::: STUDY MATERIAL :::
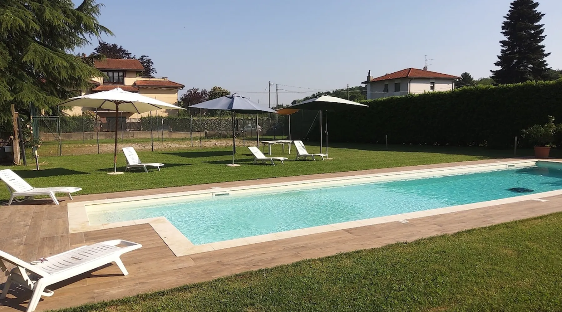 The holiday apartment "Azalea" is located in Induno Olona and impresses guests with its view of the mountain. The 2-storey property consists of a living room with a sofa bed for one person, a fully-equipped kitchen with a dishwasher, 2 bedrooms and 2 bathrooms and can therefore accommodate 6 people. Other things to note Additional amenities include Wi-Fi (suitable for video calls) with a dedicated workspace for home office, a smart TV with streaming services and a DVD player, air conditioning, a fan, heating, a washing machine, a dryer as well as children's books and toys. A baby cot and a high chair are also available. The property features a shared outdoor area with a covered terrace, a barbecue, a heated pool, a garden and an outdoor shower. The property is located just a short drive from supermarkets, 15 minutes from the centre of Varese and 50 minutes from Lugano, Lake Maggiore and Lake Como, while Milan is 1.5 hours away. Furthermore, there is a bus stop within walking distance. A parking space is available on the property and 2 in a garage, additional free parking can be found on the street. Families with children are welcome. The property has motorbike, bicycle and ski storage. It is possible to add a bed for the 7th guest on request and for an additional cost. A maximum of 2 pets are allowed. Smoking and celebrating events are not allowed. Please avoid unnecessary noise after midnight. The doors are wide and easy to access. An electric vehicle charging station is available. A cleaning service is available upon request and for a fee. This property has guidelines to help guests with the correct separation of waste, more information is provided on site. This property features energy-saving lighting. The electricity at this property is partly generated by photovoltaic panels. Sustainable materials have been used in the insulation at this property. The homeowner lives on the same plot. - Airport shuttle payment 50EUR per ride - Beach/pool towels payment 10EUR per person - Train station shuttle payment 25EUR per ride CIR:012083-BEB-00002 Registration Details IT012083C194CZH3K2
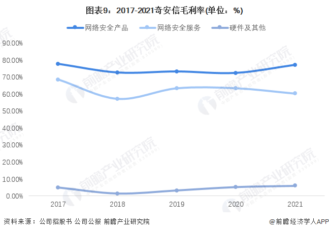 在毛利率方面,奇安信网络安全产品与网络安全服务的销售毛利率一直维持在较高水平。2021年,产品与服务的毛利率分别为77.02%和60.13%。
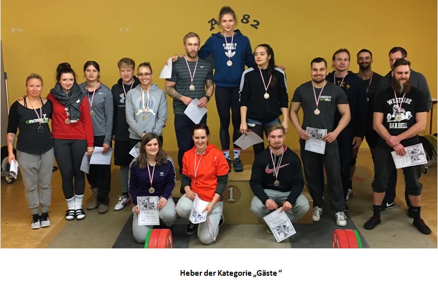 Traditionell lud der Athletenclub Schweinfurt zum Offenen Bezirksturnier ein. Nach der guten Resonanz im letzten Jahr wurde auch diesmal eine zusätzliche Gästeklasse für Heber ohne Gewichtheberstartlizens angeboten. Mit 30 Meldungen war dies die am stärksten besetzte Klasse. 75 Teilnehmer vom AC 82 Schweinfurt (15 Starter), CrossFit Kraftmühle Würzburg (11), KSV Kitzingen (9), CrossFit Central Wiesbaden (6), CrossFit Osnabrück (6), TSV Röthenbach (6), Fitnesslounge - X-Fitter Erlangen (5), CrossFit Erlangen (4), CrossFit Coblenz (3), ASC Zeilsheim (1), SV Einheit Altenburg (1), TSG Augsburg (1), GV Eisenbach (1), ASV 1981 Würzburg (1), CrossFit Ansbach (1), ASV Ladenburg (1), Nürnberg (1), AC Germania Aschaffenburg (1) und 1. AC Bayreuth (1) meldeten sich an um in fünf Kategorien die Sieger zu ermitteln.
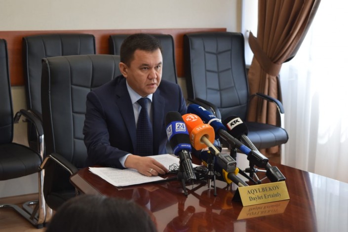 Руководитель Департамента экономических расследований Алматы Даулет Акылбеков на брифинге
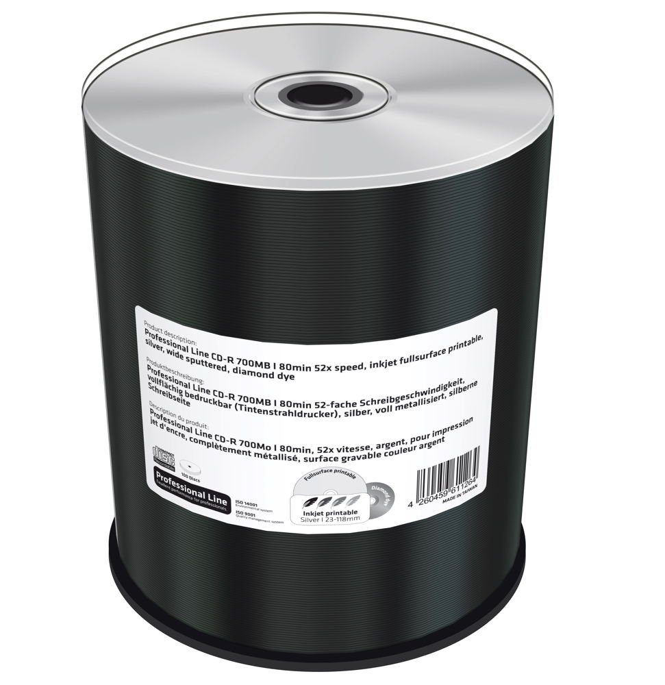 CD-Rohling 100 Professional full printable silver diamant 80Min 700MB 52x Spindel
:::
• _EXERCISE DESCRIPTION_:
Going by the data above, the answer is exactly the lines from the one holding "在毛利率方面,奇安信网络安全" to the one holding "Traditionell lud der", both kept, with the pictures left out.

• _FINISHED EXERCISE_:
 在毛利率方面,奇安信网络安全产品与网络安全服务的销售毛利率一直维持在较高水平。2021年,产品与服务的毛利率分别为77.02%和60.13%。
 Traditionell lud der Athletenclub Schweinfurt zum Offenen Bezirksturnier ein. Nach der guten Resonanz im letzten Jahr wurde auch diesmal eine zusätzliche Gästeklasse für Heber ohne Gewichtheberstartlizens angeboten. Mit 30 Meldungen war dies die am stärksten besetzte Klasse. 75 Teilnehmer vom AC 82 Schweinfurt (15 Starter), CrossFit Kraftmühle Würzburg (11), KSV Kitzingen (9), CrossFit Central Wiesbaden (6), CrossFit Osnabrück (6), TSV Röthenbach (6), Fitnesslounge - X-Fitter Erlangen (5), CrossFit Erlangen (4), CrossFit Coblenz (3), ASC Zeilsheim (1), SV Einheit Altenburg (1), TSG Augsburg (1), GV Eisenbach (1), ASV 1981 Würzburg (1), CrossFit Ansbach (1), ASV Ladenburg (1), Nürnberg (1), AC Germania Aschaffenburg (1) und 1. AC Bayreuth (1) meldeten sich an um in fünf Kategorien die Sieger zu ermitteln.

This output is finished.